With a win on Memorial Day, Rice added a Fourth of July victory in the race at Kanas Speedway when he defeated Meira by .005 seconds.
“I had to do a little trick to get him and I had been practicing it,” Rice remembered. “It’s just like I preach to those kids, you have to be ready for the moment and try stuff. I was ready to go. With three or four laps to go, I knew what it was going to take to beat him, and I did it. It was fun to race with Vitor. It was super clean and super tight, and I knew I had gotten him.”
A third victory came later that season at Michigan Int’l Speedway.
“Roembke won that thing because we had a game plan,” Rice said. “We knew what we had to do to win that thing. Roembke laid it all out in the strategy meeting. Once again, we had the game plan down and we were rolling. We got all geared up with 10 to go and were ready to go, but every time I asked if it was time to go, he said, ‘Nope.’
“Finally, with five laps to go, he said, ‘Time to go.’ We went full rich and left everybody behind me. We played the game like we knew where we were at and what we were doing.”
Rice had a fantastic season.
However, Kanaan had a nearly perfect season with Andretti Green Racing, finishing every lap of every race and winning the championship. In 2005, Rice was a leading contender entering the month of May for the Indianapolis 500, but a crash on the fourth day of practice knocked him out of the event with a concussion.
Ironically, he was replaced by Kenny Brack, the driver Rice replaced after Brack’s massive crash in the last race of the 2003 season at Texas Motor Speedway forced the popular driver from Sweden to be sidelined for all of 2004.
Brack qualified Rice’s car with the fastest four-lap average in the field at 227.598 mph, but because it came on day three of qualifications, Brack started 22nd.
“It was a bad day,” Rice said. “It was great for Kenny.
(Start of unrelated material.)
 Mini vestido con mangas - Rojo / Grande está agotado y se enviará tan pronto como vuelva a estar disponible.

We are friends and he was around all the time. He’s a great dude. It was great for him to be able to do that.”
Rice returned for the next race at Texas Motor Speedway and remained with Rahal’s team through 2006. He joined Dreyer & Reinbold Racing in 2007 and ’08 and drove in his final Indy 500 in 2011 for Panther Racing.
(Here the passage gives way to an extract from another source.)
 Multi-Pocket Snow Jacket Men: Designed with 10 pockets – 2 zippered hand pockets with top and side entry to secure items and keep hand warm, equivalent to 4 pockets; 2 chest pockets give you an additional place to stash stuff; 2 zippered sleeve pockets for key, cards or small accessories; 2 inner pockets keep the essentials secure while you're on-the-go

Today, Rice is as busy as ever. He is a key member of Dreyer & Reinbold Racing, working with the Nitro Rallycross team. He also called race strategy for Santino Ferrucci during the 106th Indianapolis 500 for the team owned by Dennis Reinbold.
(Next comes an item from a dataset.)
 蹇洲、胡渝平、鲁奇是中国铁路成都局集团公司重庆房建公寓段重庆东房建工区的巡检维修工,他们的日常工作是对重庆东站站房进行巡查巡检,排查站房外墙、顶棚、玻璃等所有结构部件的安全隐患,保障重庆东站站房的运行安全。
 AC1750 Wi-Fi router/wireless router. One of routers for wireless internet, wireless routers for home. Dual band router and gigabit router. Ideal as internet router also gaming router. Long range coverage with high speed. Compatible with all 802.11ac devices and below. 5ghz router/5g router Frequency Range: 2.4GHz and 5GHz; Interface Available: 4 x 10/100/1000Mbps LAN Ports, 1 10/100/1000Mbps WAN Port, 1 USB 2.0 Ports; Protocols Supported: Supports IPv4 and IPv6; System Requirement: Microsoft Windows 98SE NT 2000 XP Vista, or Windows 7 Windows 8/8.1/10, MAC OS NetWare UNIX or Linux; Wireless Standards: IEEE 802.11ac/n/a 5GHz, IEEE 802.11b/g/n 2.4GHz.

“He really understands driving, how a car operates and the feel that he is after in a car, and he is exceptional at explaining and getting that information out of a young driver and applying to what that means to setting up a car to race,” Reinbold told SPEED SPORT. “He is very gifted at translating what is going to be fast at the race track.
“He looks at things that way and knows when there is an opportunity and he knows how to set up opportunities to pounce on if they are out there during a race. That’s what I like about working with him. He was really good about that as a driver and he is good at explaining that with the young drivers he works with.
“He has a lot of people that he does driver coaching for and has worked with us for a number of years,” Reinbold continued. “He did a great job calling Santino’s race on the radio. I’ve enjoyed working with him. It’s been fun to talk racing and setups and everything with him. He’s really a grounded guy that understands what is happening out there.”
Rice also works in developing young drivers, including Gustavo Menendez, Joel Miller and this year’s Daytona 500 winning driver, Austin Cindric.
“I have kids that are doing everything from short-course off-road to open-wheel to rallycross to sports cars,” Rice explained. “It’s a little bit of everything. There are a lot of kids I’ve worked with and have gone on and become professional race drivers. I’ve tried to pass on my experience and knowledge and help them navigate the racing world.”
Rice’s advice to these young drivers is reflective of the way he drove a race car.
“Timing is everything and you have to be in the right place at the right time, but you have to be ready to pounce,” Rice said.